Ruben Östlund filme avec brio la station de ski française des Arcs en Savoie, notamment lors de très belles scènes de nuit, en jouant avec la luminosité et en animant la station avec une sorte de ballet de chasses-neige sur fond de musique classique, pendant que des déclenchements préventifs d'avalanches résonnent dans la montagne. Comme le monde urbain et ses transports dans Play (2011), le film précédent de Ruben Östlund, l'environnement influence et guide les personnages. Alors que la jungle urbaine étouffait les jeunes de Play, les forces de la nature agissent ici sur le comportement des personnages de SNOW THERAPY. Avec ce film, la démarche du réalisateur est plus assurée que dans son long-métrage précédent, en prenant plus de libertés dans la bande son et avec un jeu entre différents registres, même si on y retrouve certains points communs, comme l'importance des plans fixes.
Le film est aussi drôle que touchant, avec des scènes tordantes et d'autres tragiques, notamment lors d'une scène où Tomas font en larme comme en enfant, après avoir simulé des pleurs plus "virils". Ebba, sa femme, est incapable de réagir face à un mari alors censé incarner la virilité, qui perd la face. Ce dernier, interprété par Johannes Bah Kuhnke, découvert chez nous dans le rôle de Rick dans la série Real humans (Äkta människor en suédois), est excellent dans le rôle ambigu et complexe du père. Lisa Loven Kongsli est tout aussi juste dans le rôle d'une femme plongée dans le doute. Même si Östlund analyse les stéréotypes masculins et féminins à travers le portrait "bergmanien" d'un couple, il ne caricature pas pour autant chacun des personnages.
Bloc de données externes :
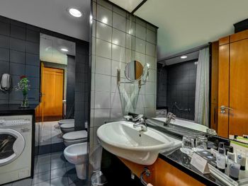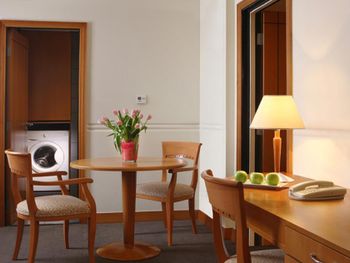 номер прокуренный, была стиральная машина и гладильная доска, но при этом стиралка не работала, а утюга на было вовсе . Мы брали номер, чтобы провести ночь из-за отмены вылета . В ресторан не советую ходить, там даже в салат цезарь входят только листья салата и сухари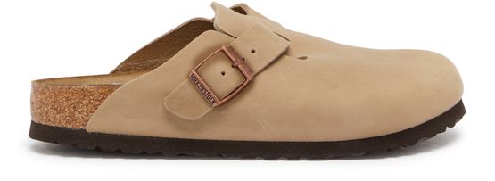 Birkenstock Original's Boston BS mules showcase a timeless design with a wide buckled strap and a round toe that ensures comfort. The engraved logo adds a touch of elegance, while the logo-printed insole provides support. Perfect for any occasion, these closed mules effortlessly blend style and practicality.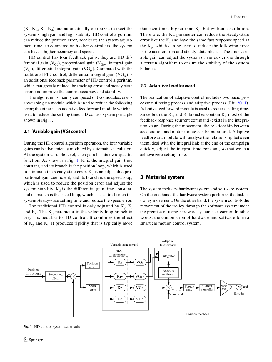 时至今日,传统的PID控制技术在工业领域仍占有不可替代的地位,相关的研究也很多。然而,传统的PID方法越来越不能满足复杂系统的要求。为了克服传统PID算法的不足,我们选择了自适应非线性算法。HD控制算法采用并行控制,所以在一个周期内同一级别的所有分支可以同时执行。每个支路包含一个可变增益参数(Ki, Kiv, Kp, Kd),并自动优化,以满足系统的高增益和高稳定性。HD控制算法可以减少位置误差,加快系统调整时间,因此与其他控制器相比,系统可以有更高的精度和速度。HD控制有四个反馈增益,分别是HD微分增益(VGd)、比例增益(VGp)、积分增益(VGi)、微分积分增益(VGiv)。与传统的PID控制相比,微分积分增益(VGiv)是HD控制算法的一个附加反馈参数,可以大大降低跟踪误差和稳态误差,提高控制精度和稳定性。该算法主要由两个模块组成,一个是用于减少后续误差的变增益模块;另一种是自适应前馈模块,用于缩短系统的稳定时间。HD控制系统原理如图1所示。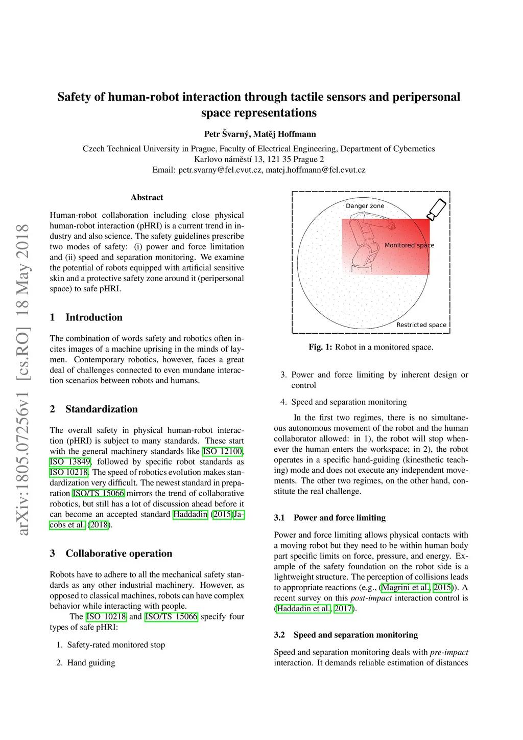 Human-robot collaboration including close physical human-robot interaction (pHRI) is a current trend in industry and also science. The safety guidelines prescribe two modes of safety: (i) power and force limitation and (ii) speed and separation monitoring. We examine the potential of robots equipped with artificial sensitive skin and a protective safety zone around it (peripersonal space) to safe pHRI.

On regrette toutefois une fin qui manque quelque peu de subtilité, dans laquelle le metteur en scène cède à la facilité du retournement de situation et de la morale explicative qui contredisent le propos défendu plus tôt, pour en venir à la conclusion que tout le monde réagit égoïstement dans une situation de panique. Dans le souci de ne pas achever ses films là où un film américain s'achèverait, comme il le dit lui-même et comme c'était déjà le cas avec Play, Ruben Östlund fait malheureusement trop durer leur fin.
Mais il est si bon et si rare de pouvoir apprécier un film européen qui mêle avec autant de talent humour et tragédie, et qui propose une idée originale servie par un scénario solide et d'excellents dialogues écrits par le réalisateur, qu'il ne faudrait pas passer à côté d'une telle réussite.